Thanks, can't wait to hit the mountain!


----------



## chuky (Apr 3, 2005)

Sports bra under should be fine. A jersey over your armor will be nice - you can save a lot of $ by just getting something generic at the thrift store. I have a lacrosse jersey I wear a lot - it fits nicely over bike armor since it was designed to go over sports pads. Cost $4 and I laugh every time I see the name "Ramsy" on the back. I don't know who "Ramsy" is.


----------



## DH Diva (May 25, 2004)

I would definitely wear something over your armor. If you crash, it's better to tear up a jersey at $20-$40 a pop than the mesh on a more expensive piece of gear like body armor. It also keeps a lot of dirt out of your armor, which will prolong the life of your gear. 

I prefer to wear a sleeveless under-armor type shirt under my suit. It helps wick moisture away from your skin, protects you if you have sensitive skin, and in my case keeps my suit from rubbing on tattoos. You can pick up a pretty cheap one at most athletic stores or the LBS. Descente makes a nice one that I like a lot and isn't very much $$. 

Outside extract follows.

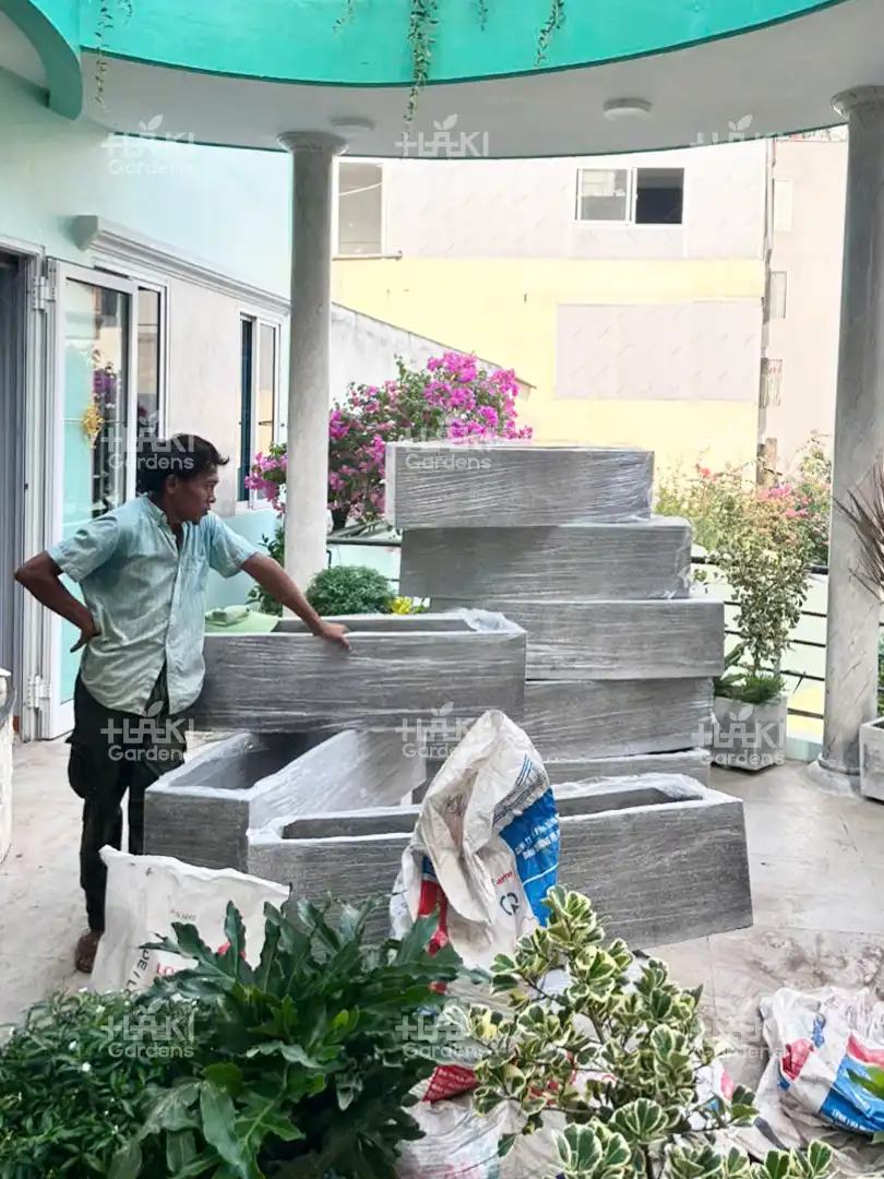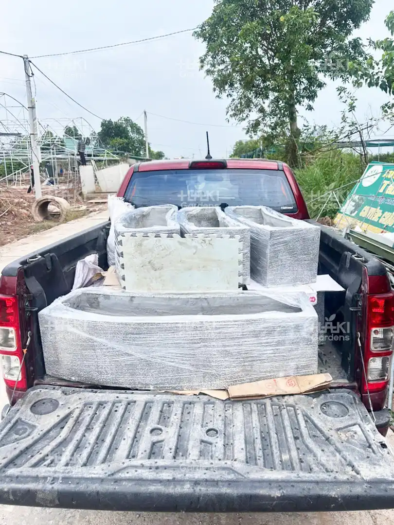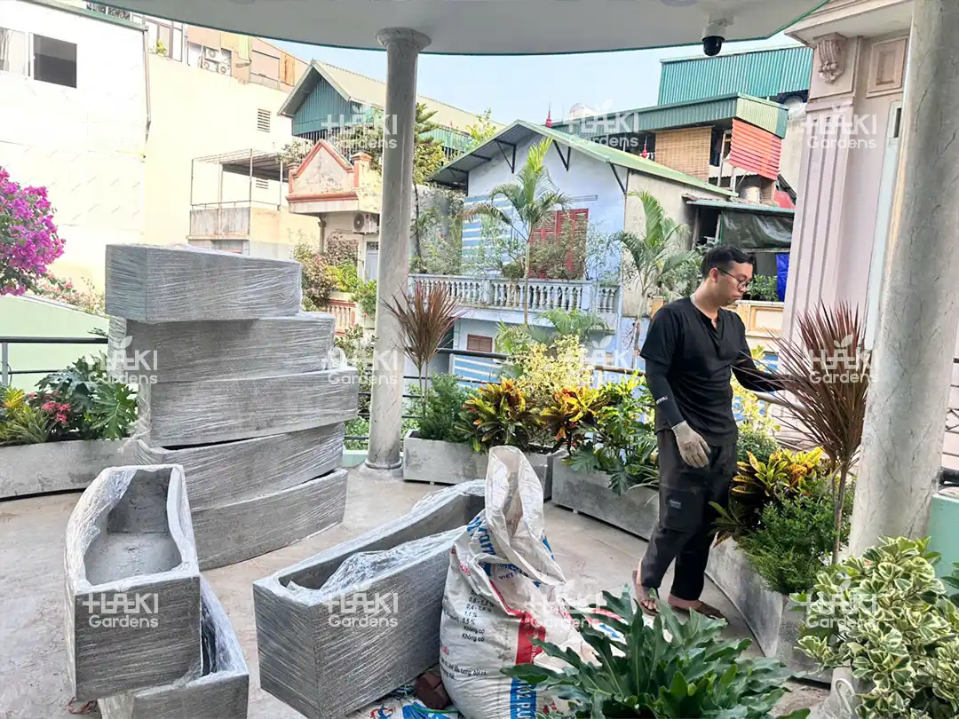 Ngay sau khi đơn hàng chậu chậu xi măng, đặt khuôn riêng theo kích thước không gian được hoàn tất, Haki nhanh chóng vận chuyển đến nhà anh Hùng. Song song đó, các công đoạn chuẩn bị khác cũng được triển khai:

Also, as long as your baggies fit you well, (for example, not too long in the torso so your crotch is 6 inches too low) you should be fine. I raced DH for years, and still wear baggies for a lot of long/enduro style XC rides and have never had my baggies get caught on my seat. 

Have fun at Mammoth! I'm jealous. Haven't been there for years but it's a blast!!


----------



## SuperKat (Mar 27, 2005)

*Under Armor*

Not to be a smart ass, but Under Armor is great for well, under your armor. 
Fits nicely because it's not bulky and it's better material than a cotton t-shirt for the sweat.


----------



## Asthmaniac (Apr 10, 2008)

I wear a SS jersey over my flak jacket. LS would probably protect the armor better, but I get too hot. That said, I have crashed and torn the jersey, which is better than tearing the mesh on the expensive flak jacket. I look for cheapo ones and have lucked out getting smaller size guy stuff that's on the clearance rack. For LS, motocross websites and shops often have less expensive jerseys.

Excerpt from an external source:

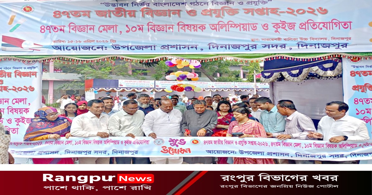 আজ বুধবার ১৫ এপ্রিল-২০২৬ দিনাজপুর সদর উপজেলা প্রশাসনের আয়োজনে ২দিনব্যাপী দিনাজপুর সারদেশ্বরী বালিকা উচ্চ বিদ্যালয় প্রাঙ্গণে ৪৭ তম জাতীয় বিজ্ঞান ও প্রযুক্তি সপ্তাহ- ২০২৬ এর উদ্বোধন করা হয়েছে।

As for baggies, it's more a matter of protecting your legs. Lycra can shred if you crash and skid. You can get a pair of over shorts and still wear your lycra underneath for comfort. But you definitely want a sturdier short for DH'ing. There's another thread, "What's your Favorite Short", that had some good recommendations. 

Have a great time! I've never been to Mammoth, so provide a trip report when you're done


----------



## connie (Mar 16, 2004)

I sometimes just wear a sports bra under my armor jacket. But it's not as comfortable as wearing something under it - but sometimes I can't deal with the heat. I have several patagonia base layers that are very comfortable wicking layers.

So today, I tried wearing a patagonia wicking base layer under my armor and soaking it in water before putting it on to keep me cool. Which was really effective for 30 minutes or so at a time until it did it's job, wicked the water away and I was completely dry. I may have to try Catzilla's approach and wear wet cotton as a base layer.  

Anyway, I do recommend wearing a jersey over your armor. I've done it the other way and it might be a hair cooler without it, but you tear up the armor when you fall and if you wear a thin jersey it's not that much of a difference anyway. 

And on shorts - get real DH shorts. Anyone who says they snag baggies on the saddle isn't wearing the right type. Yes, there are plenty of comfy baggy shorts that people wear XC/trail riding that can snag because they're really loose and stretchy. But that's not what you should be wearing for DH. Get moto-style shorts. They're made of some cordura type thick nylon fabric. It does not stretch. It would be impossible ot catch on your saddle because the fit close to the body and aren't all that loose. I've caught lycra shorts on my saddle (where you can snag the lycra in the leg and it stretches and wants to boomerang you back...) many many times. Loose baggy shorts - sure. DH shorts - never. Not to mention, they're more protective and you won't get the abrasion injuries you would with lycra or comfort baggies.

Hope that helps.


----------



## [email protected] (Aug 24, 2005)

*padded under shorts too.*

If you are wearing a flak jacket you should be wearing something to protect your tail bone hip bones, thighs under your DH shorts. Most Motocross shorts have removable hip pads in them keep them in to protect your pelvis, but if you want better protection get a pair of 661 bomber shorts or McDavid Hexpad womens Thudd shorts, fox makes a pair as well. My 661s saved my butt literally this week when I slide down a big wall ride at diablo. The McDavid one are really nice and fit like a glove and are moisture wicking like Under armor. I wear them some times for all-mountain/FR they are very comfy!


----------



## Sambolina (May 15, 2007)

Great Information Ladies. I will buy a Jersey and definately a good pair of DH shorts. Since this is my first trip to Mammoth I will be riding the more tame trails. Thanks again.


----------